About This Topical Sermon Outline on Winds Of Change

Thousands of years ago, unless your country was being invaded and conquered by another country, life pretty much went on from day to day with very little difference.

You used the same technology that your parents used. You wore the same style of clothing. You used the same methods of problem-solving.

Today, we live in a world of rapid change. New inventions, new technologies, new fashions. So much seems to change on a daily basis.

What we need to know is: How does change apply to us in the church?

ILLUS - A lady sat in my seat in church just the other day. She's a very nice person. In fact, she's a good friend. And I can easily sit somewhere else. No big deal. But I like my seat. It's on the right just as you enter the church sanctuary. It's nice because I can rest my arm on the end. It's a good seat, but I wouldn't raise a fuss over something as unimportant as a seat, and I never hold a grudge. Actually, it was just three months ago she took my seat and I have no idea why. I've never done anything to her. I've never taken her seat, or anything that belonged to her. And now I suppose I'll have to come to church an hour early just to get my seat. You know, I think she took it deliberately, because it's one of the best seats in the house. And she had no business taking it, and I don't see why I should have to go to church two hours early just to get what's rightfully mine! This is the way great social injustices begin: inconsiderate people taking other people's seats! That's how revolutions start. A person can only take so much, you know. And what I want to know is: Where's it all going to end? If someone doesn't do something about it, nobody's seat will be safe. People will sit wherever they feel like, and next they'll be taking my parking place, then my home. World order will be in a shambles! Civilisation as we know it come to an end. But hey, I don't really mind.

If you thought that was just humour, I've been in a church and witnessed first-hand people who found it difficult to cope when someone sat in their seat.

And this really goes back to the way people feel about change.

Today, I want to talk about the Winds of Change.

1. God Is An Agent Of Change

Is 43:19 Behold, I will do a new thing, now it shall spring forth; shall you not know it? I will even make a road in the wilderness and rivers in the desert.

For God to fulfil that promise in Isaiah, He has to bring about change.

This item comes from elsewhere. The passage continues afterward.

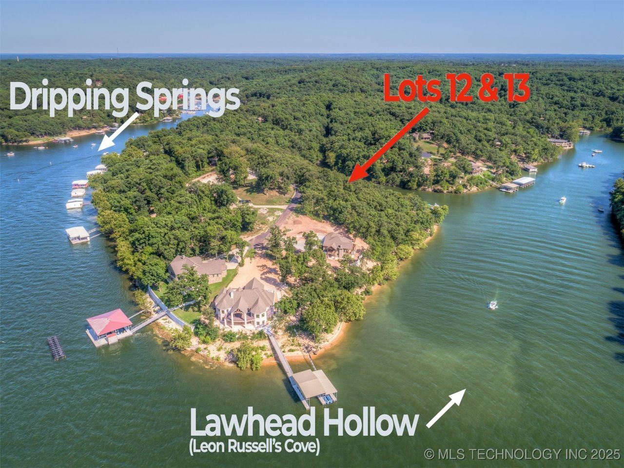 1.06 Acres of Lakefront Living - Lots 12 & 13 in Fox Pointe A perfect blend of manageable size and prime location, this 1.06-acre lakefront property combines two lots sold together with direct access to one of South Grand Lake's most iconic coves - nestled between Dripping Springs and Lawhead Hollow (Leon Russell Cove). Set in a small, deep cove, the location offers both convenience and natural protection from the main lake's rougher waters - ideal for keeping your dock and boat sheltered. With GRDA approval, you can build your own private dock and create the ultimate lakeside escape. The added width from combining lots gives you more elbow room, smoother construction access, and a gentler slope to the water - making this property as practical as it is picturesque.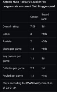 Earlier this month, HLN reported (via Romano) that talks between Tottenham and Club Brugge were taking place for the potential transfer of Nusa. The forward,valued at £25m, isn’t eager on leaving the Belgian outfit mid-way thru the season, meaning a deal may want to be done now in advance of the 2024 summer season transfer window.

When God does a new thing, that means that there are changes about to happen.

He's an agent of change.

Rom 12:2 And do not be conformed to this world, but be transformed...

God is into transformation; that means change.

When He gets a hold of a person's life, He changes it.

When He gets a hold of a church, He changes it.

He even changed water into wine, but here's the problem.

2. People Find It Difficult To Change

ILLUS - Simpson had to fight to introduce chloroform; Lister struggled to have antiseptics accepted; Copernicus was forced to retract his belief that the earth went around the sun.1

People seem to be naturally resistant to change.

But change happens continuously anyway.

Just think of the seasons - spring, summer, autumn, winter.

God has built change into our natural existence.

Think of the aging process.

No matter how hard you try, or what anti-wrinkling creams you use, you will not look the same, at 60-years-old, as you did at the age of twenty.

There's change.

People change jobs regularly.

I remember a time when it was normal for people to stay in the same job for twenty years or more; but not any more.

Change happens all the time.

ILLUS - 5 billion gigabytes - volume of data created globally in 2002 - equivalent to 800 books per person. Time 10th November, 2003 p 16

All that new information means a lot of change.

How do people feel about so much change?

All of this change brings uncertainty, fear, feelings of spinning out of control.

Because so much of the change we experience in life is beyond our control.

We can't do anything about it.

3. The Church Has A History Of Resisting Change

ILLUS - Even the early church found it difficult to adapt to the leading of the Holy Spirit. Think about what Jesus said to the disciples in Acts 1:8: But you shall receive power when the Holy Spirit has come upon you, and you shall be witnesses to Me in Jerusalem, and in all Judea and Samaria, and to the ends of the earth.

This is where Jesus reinforced the mission he had already given His disciples in Matt 28:19-20 and Mk 16:15-16.

What was their mission? To go into all the world and make disciples of all nations.

This is what Jesus was restating in Acts 1:8 and telling them that they would receive the power of the Holy Spirit to help them to fulfil that mission.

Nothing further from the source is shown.